When using a data set with a sufficient number of labelled cases, machine learning is able to assist law enforcement in detecting localised criminality, thus answering the question where and when crimes will be committed. However, when answering questions about who will commit a crime, in particular a terror attack, the features of datasets increase and data points are more distinct, leading to machine learning algorithms that are potentially less accurate. Well-known machine learning problems of class imbalance, the curse of dimensionality and spurious correlations lead us to believe there will be inaccuracies due to over- or underfitting. Consequently, the number of false positives and false negatives is expected to be very high when using these algorithms in enforcing national security, and general a priori uncertainty estimates of machine learning algorithms for the full population rather than the training set are currently missing.
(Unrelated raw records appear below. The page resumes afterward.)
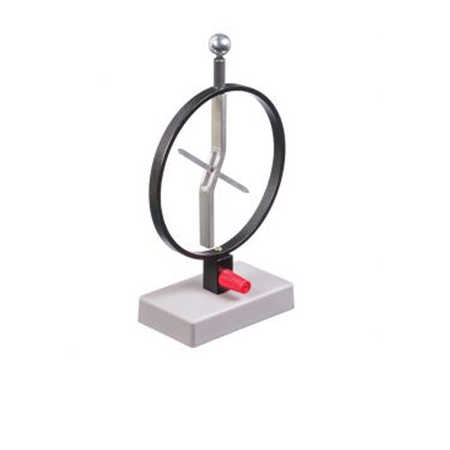 This rugged, sensitive electroscope can accept various accessories to change its capacitance. A sensitive aluminium vane is balanced in a vertical position on a metal support which is insulated from its base. The vane is easily observed and projected on a chalkboard (Light Source, not included) on which an arbitrary scale has been marked. Height without attachments is about 9". Four attachment, each equipped with a banana plug which fits the vane system top, are included : a 1" conducting sphere; a 3" conducting sphere; a proof plane with detachable insulating handle; and an aluminium cup (Faraday ice pail). Attachments can be charged using either our Electrophorus or our Power Supply (not included) with instructions.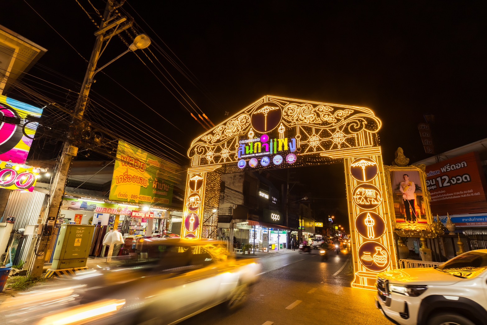 อินสไปร์จากร่มบ่อสร้างอันเลื่องชื่อ ผสานสีสันกับแสงให้ถนนสวยสะดุดตา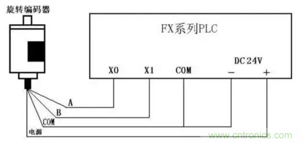 圖2:旋轉(zhuǎn)編碼器與PLC的連接

Furthermore, the use of metadata instead of data does not necessarily decrease the breaches of an individual’s privacy. Using studies from literature from the past decade, which all focussed on de-anonymisation of datasets on phone records, credit card data, cell phone locations and movie ratings, a careful evaluation of the actual anonymity of the available data is needed. In addition, the definition of metadata varies between systems, which means that metadata in one system is considered data in others. Due to this, it is important to carefully define the types of data intelligence agencies and third-parties are allowed to collect and share.

We urge policymakers charged with evaluating the privacy-security dilemma to keep in mind the limitations of machine learning applied to mass-surveillance in the context of counterterrorism. With the increasing performance and accuracy of machine learning algorithms, we think that these techniques can assist law enforcement in finding patterns in properly fitted data sets, but at the same time they are far more intrusive. Considering the extreme sparsity of terror attacks and their versatility in planning and execution, we think that even with continuous progress in machine learning, training of the mass surveillance algorithms will be a challenge that should be evaluated carefully in the coming years against the consequences of big inaccuracies, and hence their effectiveness. Despite the fact that inaccuracies in current machine learning methods might entail opportunity costs related to human supervision, current technological hype might lead to over-adoption and consequent suboptimal resource allocation.